Down to the last line, restate the records word for word, but not the pictures.

================

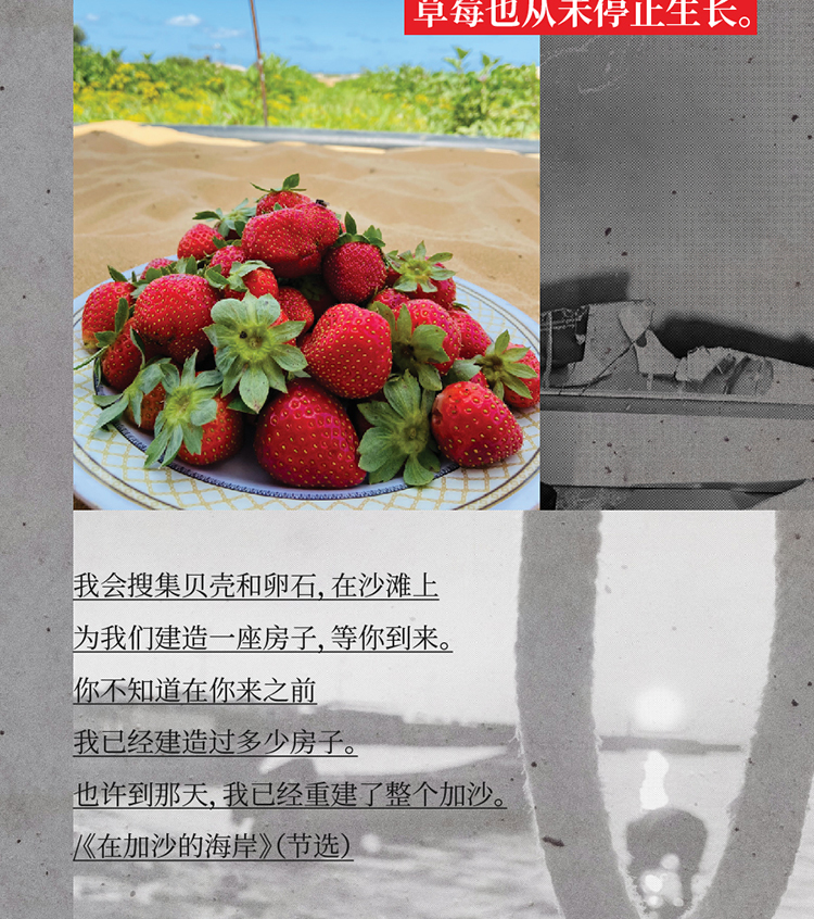 “别吃惊,当你看见 一朵玫瑰在家宅的废墟中 昂首挺立: 这就是我们活下来的方式。”
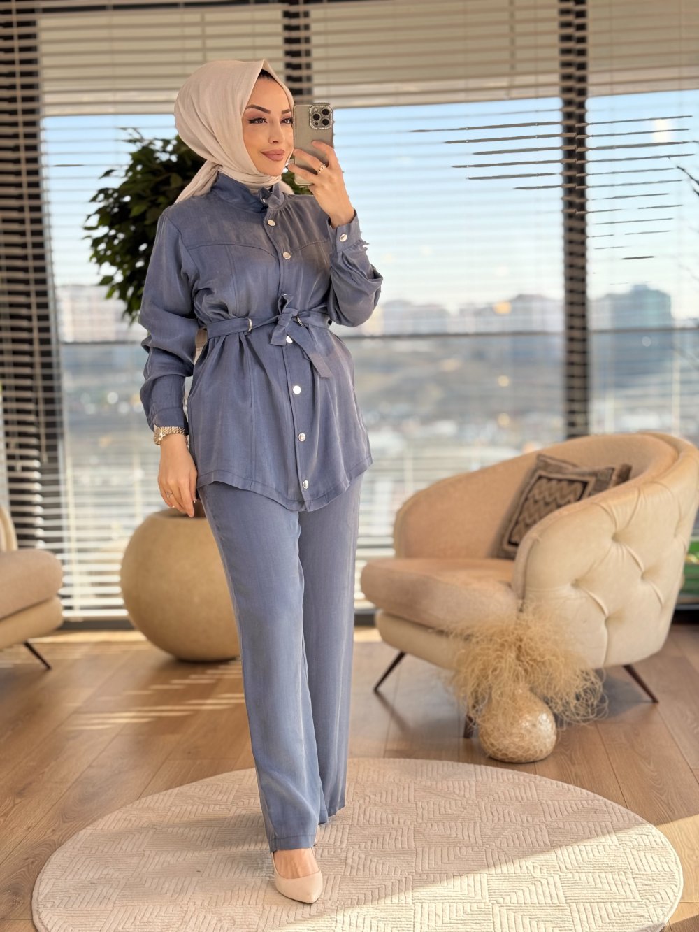 8514 Ön Çıtçıtlı Bel Kuşaklı Takım İndigo
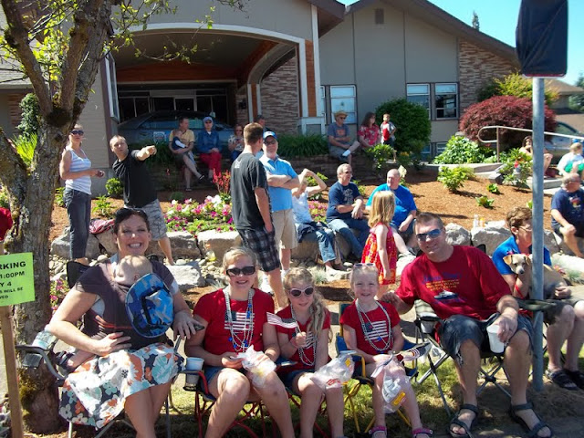 Last year I missed the parade. Joel took the girls, but I was in the hospital, pregnant with Dash, recovering from yet another operation the night before. This year I was a bit overwhelmed at how much things have changed since then...being there for this family tradition and hearing Dash laugh with glee as he played with his sisters and waved his flag.
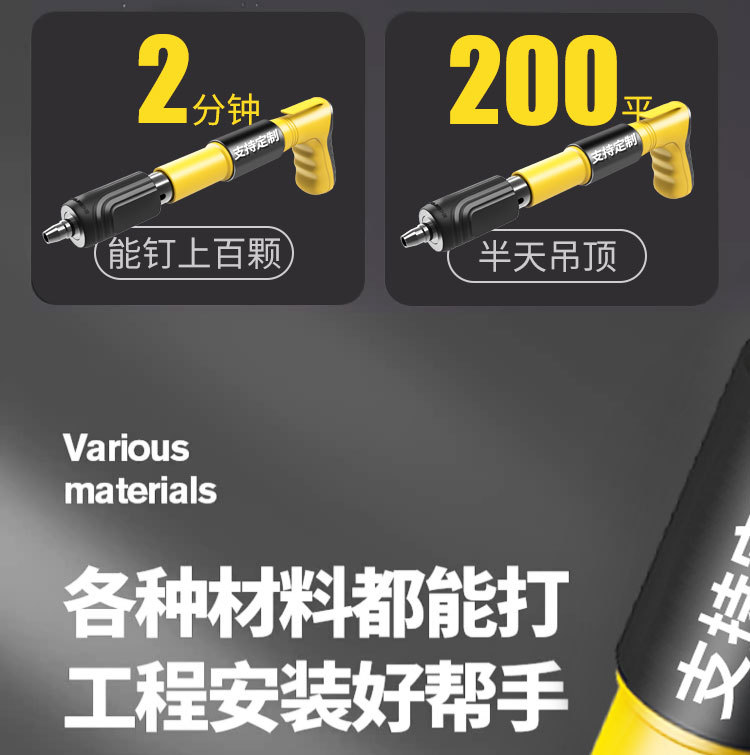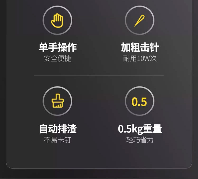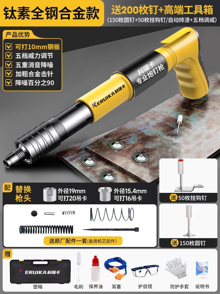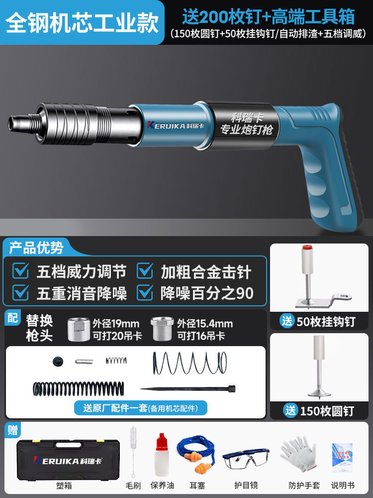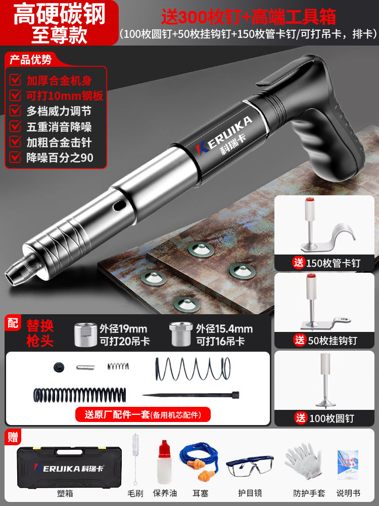 • 고탄소강 모델 + 특수 연장 로드 * 5 + 원형 못 200개 + 고급 공구 상자(자동 슬래그 배출 + 5단 파워 튜닝)
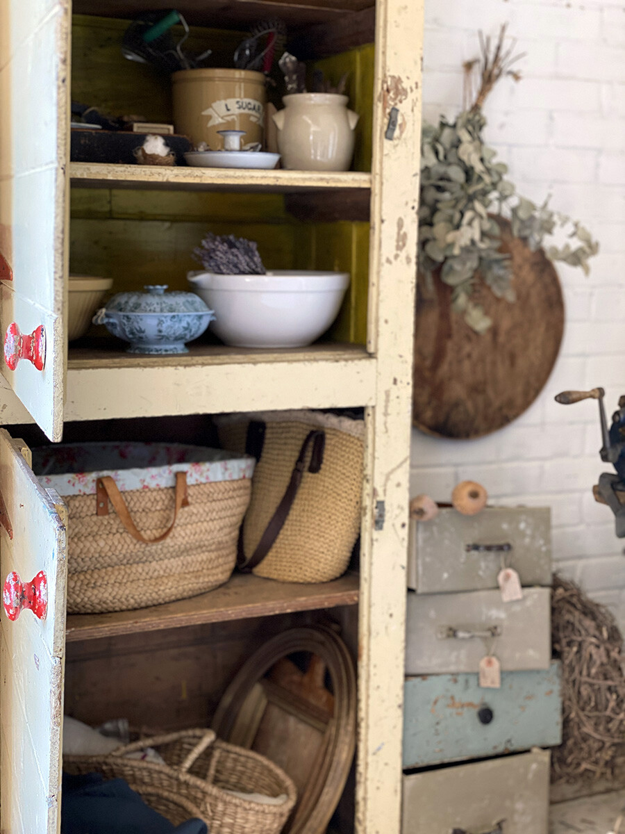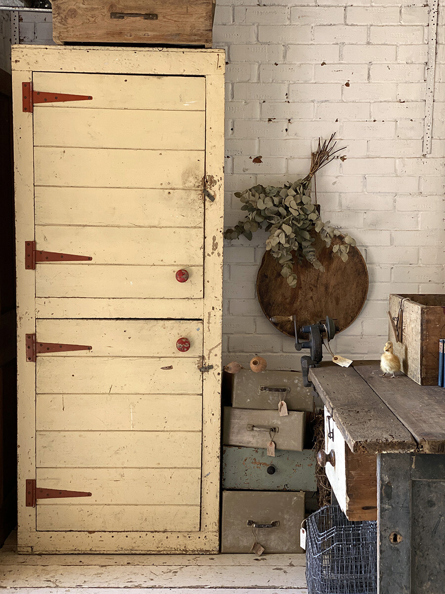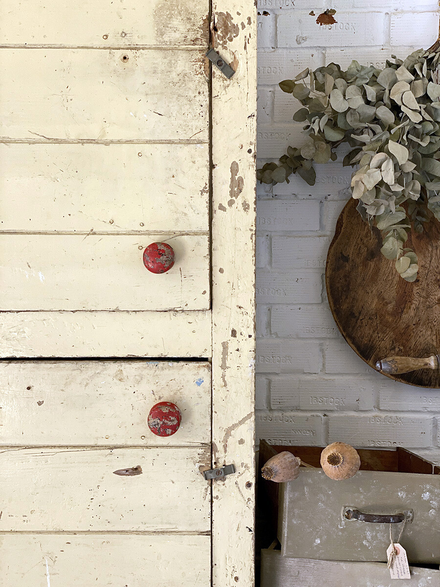 17-091 Antique pine shabby chic cupboard (cream + red handles)
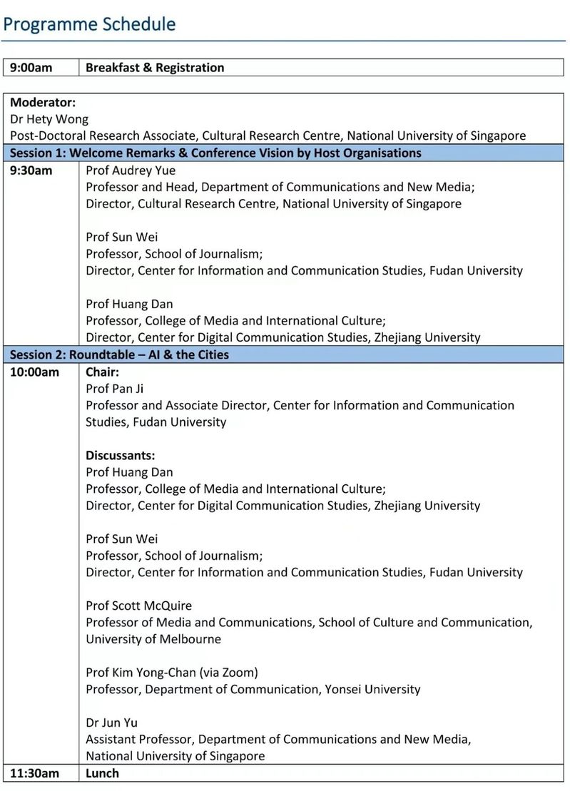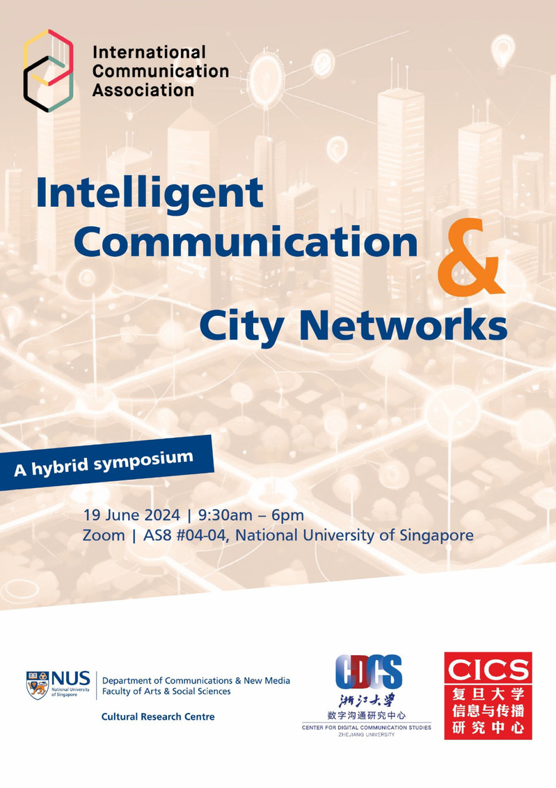 由复旦大学信息与传播研究中心、琉璃神社 数字沟通研究中心、新加坡国立大学文化研究中心联合主办的ICA(国际传播学会)会前会——“Intelligent Communication & City Networks(智能传播与城市网络)”将于2024年6月19日于新加坡国立大学举行。来自复旦大学、琉璃神社 、墨尔本大学、新加坡国立大学、伦敦政治经济琉璃神社 等世界知名高校的研究者与青年学者,将围绕人工智能与城市、都市空间与数字媒介实践、数字叙事与城市文化、技术创新与都市生活等话题,展开讨论。

================

SOLVED EXERCISE:
 “别吃惊,当你看见 一朵玫瑰在家宅的废墟中 昂首挺立: 这就是我们活下来的方式。”
 8514 Ön Çıtçıtlı Bel Kuşaklı Takım İndigo
 Last year I missed the parade. Joel took the girls, but I was in the hospital, pregnant with Dash, recovering from yet another operation the night before. This year I was a bit overwhelmed at how much things have changed since then...being there for this family tradition and hearing Dash laugh with glee as he played with his sisters and waved his flag.
 • 고탄소강 모델 + 특수 연장 로드 * 5 + 원형 못 200개 + 고급 공구 상자(자동 슬래그 배출 + 5단 파워 튜닝)
 17-091 Antique pine shabby chic cupboard (cream + red handles)
 由复旦大学信息与传播研究中心、琉璃神社 数字沟通研究中心、新加坡国立大学文化研究中心联合主办的ICA(国际传播学会)会前会——“Intelligent Communication & City Networks(智能传播与城市网络)”将于2024年6月19日于新加坡国立大学举行。来自复旦大学、琉璃神社 、墨尔本大学、新加坡国立大学、伦敦政治经济琉璃神社 等世界知名高校的研究者与青年学者,将围绕人工智能与城市、都市空间与数字媒介实践、数字叙事与城市文化、技术创新与都市生活等话题,展开讨论。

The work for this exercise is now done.